Ni les films ni les cinéastes qui les font ne peuvent décider du culte que le public leur consacrera. Le statut prisé de film culte n’appartient en effet qu’au public qui voudra bien se rassembler autour de lui, y voir quelque chose qu’il décidera d’intégrer à son tour dans sa vie : des dialogues, un grand geste, une trame sonore, les éléments qui font le culte d’un film culte en sont les éléments les plus reconnaissables, ceux par lesquels le film se grave dans notre mémoire à la manière d’un refrain visuel et sonore. Qu’est-ce qu’un film culte ? Pris au sens propre, c’est de l’amour collectif envers des images mouvantes, un amour si fort qu’il procède ensuite chez le spectateur en l’invitant au mimétisme ; le film culte nous invite à y habiter, à en prendre possession, s’inscrivant dans le corps et l’esprit qui cherchent, en se costumant, en apprenant les répliques par cœur, en faisant des personnages des modèles, une façon d’atteindre cette Scène imaginaire.

C’est le souvenir que l’on garde par exemple du célèbre professeur John Keating, interprété brillamment par Robin Williams dans Dead Poets Society (Peter Weir, 1989).
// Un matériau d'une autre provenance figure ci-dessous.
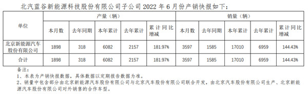 北汽蓝谷披露的2022年6月份产销快报显示,本月销量为3597辆,去年同期仅1585辆,不到今年6月的一半;同时还披露,本年度累计已经售出17010辆,累计同比增长144.43%。

Sa manière de se recroqueviller en pleine classe, d’attirer les élèves vers lui pour qu’il leur confie le secret chuchoté de la poésie : « On ne lit pas ni écrit de la poésie parce que c’est joli. On lit et écrit de la poésie car on fait partie de l’humanité. Et l’humanité est faite de passion. » Entouré par des étudiants captivés, Keating chamboule l’enseignement à hauteur de professeur, enseignement d’une fermeté absolue dans cette prestigieuse académie pour garçons qui les dompte à devenir les froids leaders de demain. Cherchant au contraire à réchauffer leurs ardeurs, il varie les postures de son enseignement : au sol ou sur son bureau, ce qui compte c’est de convaincre une classe (et les spectateurs par la même occasion) qu’enseigner n’est pas une affaire de limpidité monotone ou de rhétorique asservissante.